Be prepared to talk about your background, your management skills, your goals for the future, and how you work on a team. Recruiters will want to know how you work on a team. One question you’re most likely to be asked is, “How do you say no to people?” As a manager, it’s your responsibility to be able to steer the team. Sometimes this means saying no to your teammates or to stakeholders. You might have to make decisions about the product’s timeline, financial implications, or even the choice to launch a product or not.
You’ll also likely get questions about your background which you can spin to demonstrate transferable skills from your previous experiences. Being able to spin your background in a useful way is especially important for those changing careers from fields that do not involve business, marketing, design, or tech. Product development takes time. Your commitment to the industry and to the company you’re interviewing is important. Be ready to talk about your goals for the future, what you’re looking forward to, and maybe even how your background proves you are loyal to your previous jobs.
There are several possible paths to becoming a Product Manager. Some Product Managers get their start with an MBA, others begin with a product management bootcamp, and some even learn how to launch a product through coding bootcamp. You could go the self-taught startup route and take your idea through an entire product development if you know how to manage, design, code, and market.
You might even find a project you can own end-to-end at your current job to dip your toes into the position. Some product managers recommend keeping a journal starting with your decision to become a Product Manager. Having a record of the various projects you’ve done, tough problems you’ve solved and how you solved them, the research you’ve conducted, and cross-functional collaboration you’ve facilitated could be the ticket to a job one day. You can keep it on paper, on a blog, or as a part of your portfolio.
Product management bootcamps teach you the technical skills you need to start your career as a Product Manager as well as the leadership skills you’ll need to succeed.

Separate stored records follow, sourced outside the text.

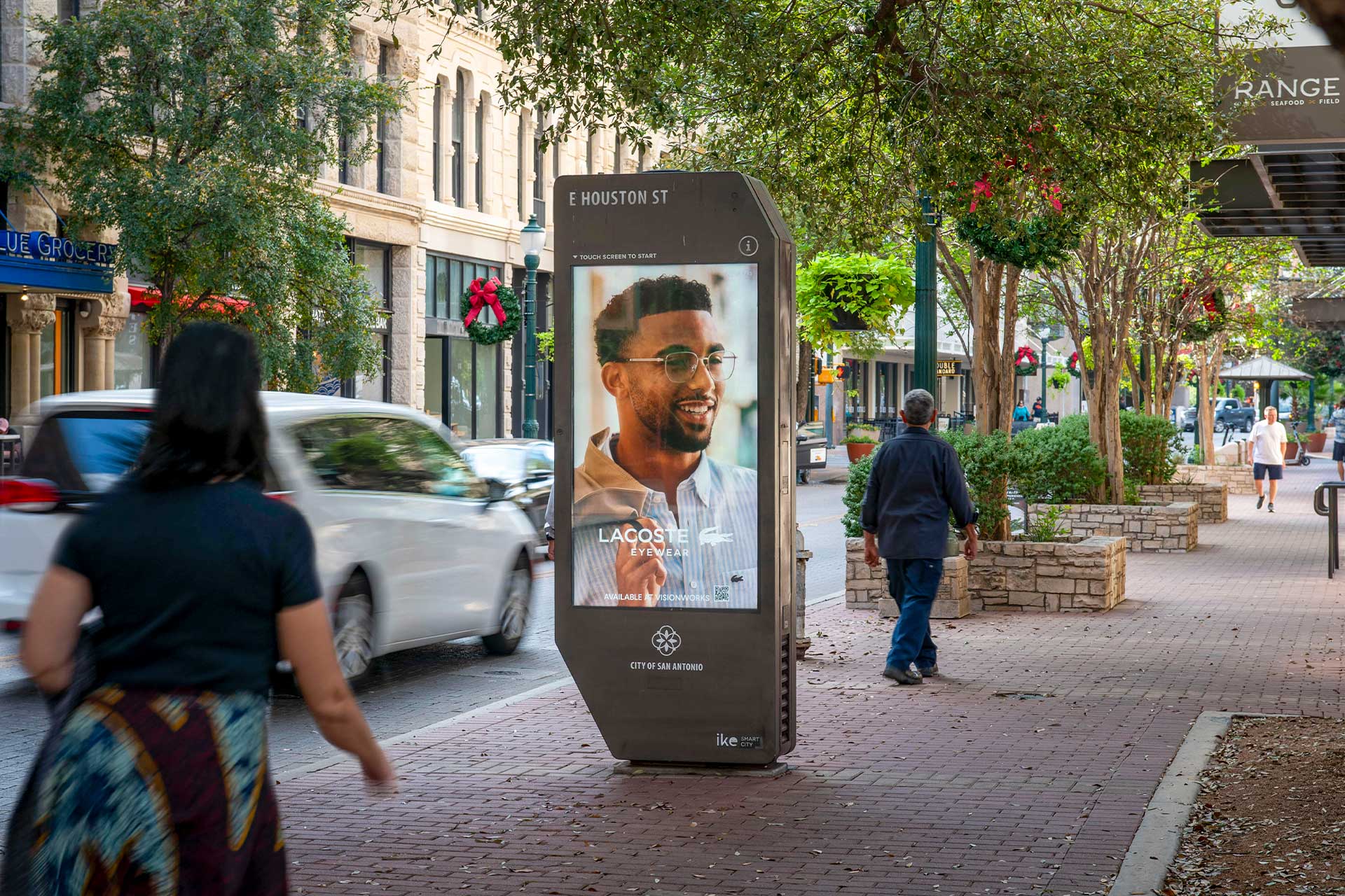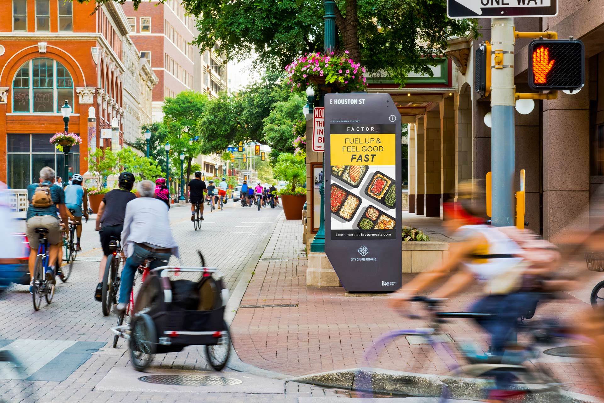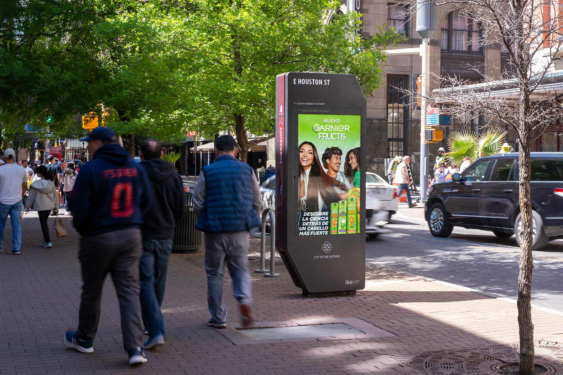 IKE interactive digital kiosks offer the only street-level advertising in Downtown San Antonio, greeting pedestrians in the bustling urban core at VIA transit stations, the airport, San Antonio River Walk, Henry B. González Convention Center, the Alamodome, and University of Texas at San Antonio.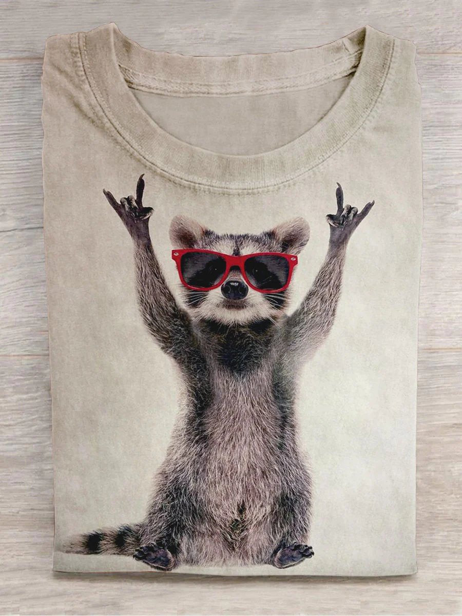 Funny Rock Raccoon Art Pattern Print Casual T-shirt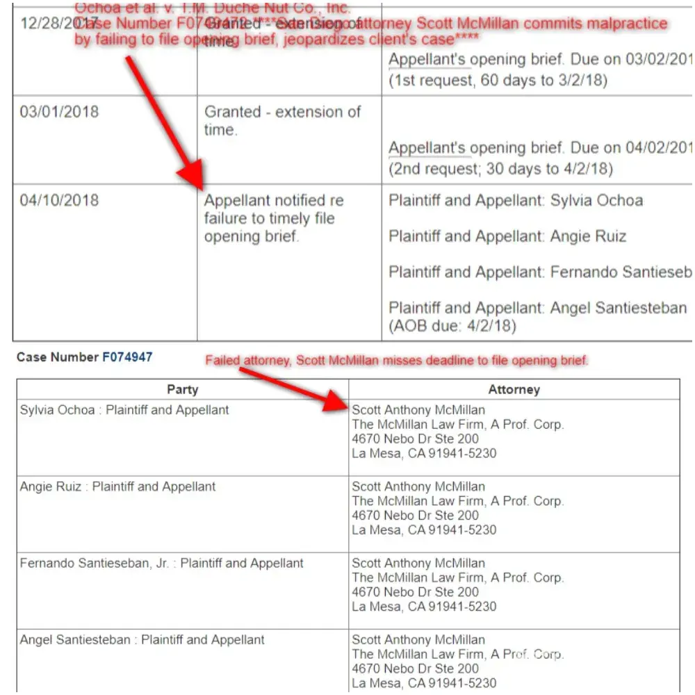 In 2019, scott mcmillan san diego attorney lost a huge wrongful death lawsuit in ochoa et al. V. Setton pistachio of terra bella, inc. Et al. Case no. F073978. The court said "plaintiffs [mcmillan] did not produce any evidence terra bella agland sold or otherwise placed in the commercial stream the east-west wet auger or other wet augers. (cf. Green, supra, at pp. 824, 828 [defendant sold defective crane].) without such evidence, plaintiffs cannot prevail on their causes of action for strict products liability…on appeal, for the first time, plaintiffs invoke the single-enterprise rule to impose liability on terra bella agland. This they cannot do."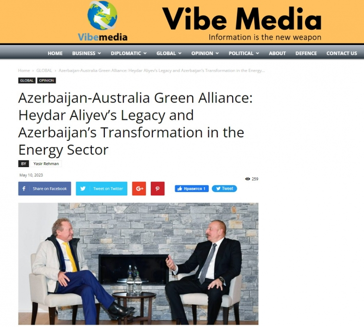 Azərbaycanın Avstraliya İttifaqındakı səfirliyinin dəstəyi ilə bu ölkənin geniş oxucu kütləsinə malik “Vibe Media” xəbər portalında Ümummilli Lider Heydər Əliyevin anadan olmasının 100 illiyi ilə bağlı “Heydər Əliyev irsi və Azərbaycanın enerji sektorunda transformasiyası” sərlövhəli məqalə dərc olunub.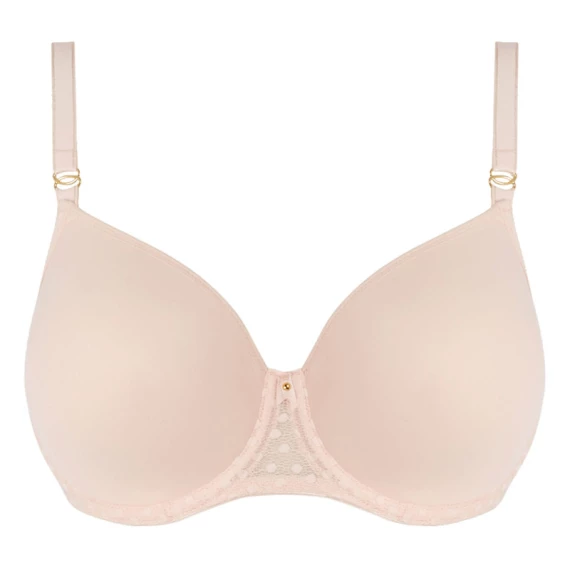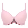 Dieser hellrosa BH hat glatte, nahtlose Cups, so dass der BH perfekt unter enger Kleidung getragen werden kann. Um die Cups herum ist ein Pünktchen Muster und zwischen den Cups sitzt eine kleine, süße Schleife. Da die Bügel zwischen den Cups etwas höher abschließen, bietet der BH optimalen Halt.

Some product management bootcamps go so far as to teach UX Design and online marketing, too. Others focus on helping you use your ideas to create a real product during bootcamp. A few of them offer certificates, too. Product management bootcamps range in length from 5-12 weeks and cost anywhere from $2,000-$14,000.
Some coding bootcamp graduates have also found success as Product Managers. Technically, you don’t need to know how to code from scratch to be a Product Manager. But the ability to get into the nitty-gritty coding is a powerful skill. At tech companies, Product Managers work closely with software engineers. Understanding the fundamentals of software development makes it easier to understand Developers, Engineers, Designers, which makes you much easier and more desirable to work with.
“As a Software Developer myself, I’m able to step into my customers’ shoes and look at how they’re experiencing problems and inefficiencies. I’m able to see what customers are asking for or complaining about,” Khaled Zaky, Product Manager and Product Management Instructor, points out that not only will your teammates benefit from your coding knowledge, your customers will, too.
As a Software Developer, you will have the technical skills you need to build a product. You’ll need to pick up the business, analytics, and marketing skills of a Product Manager to make your product successful through sales. Some people choose to attend both coding bootcamp or UX design bootcamp and product management bootcamp to build their own product and found their own startup.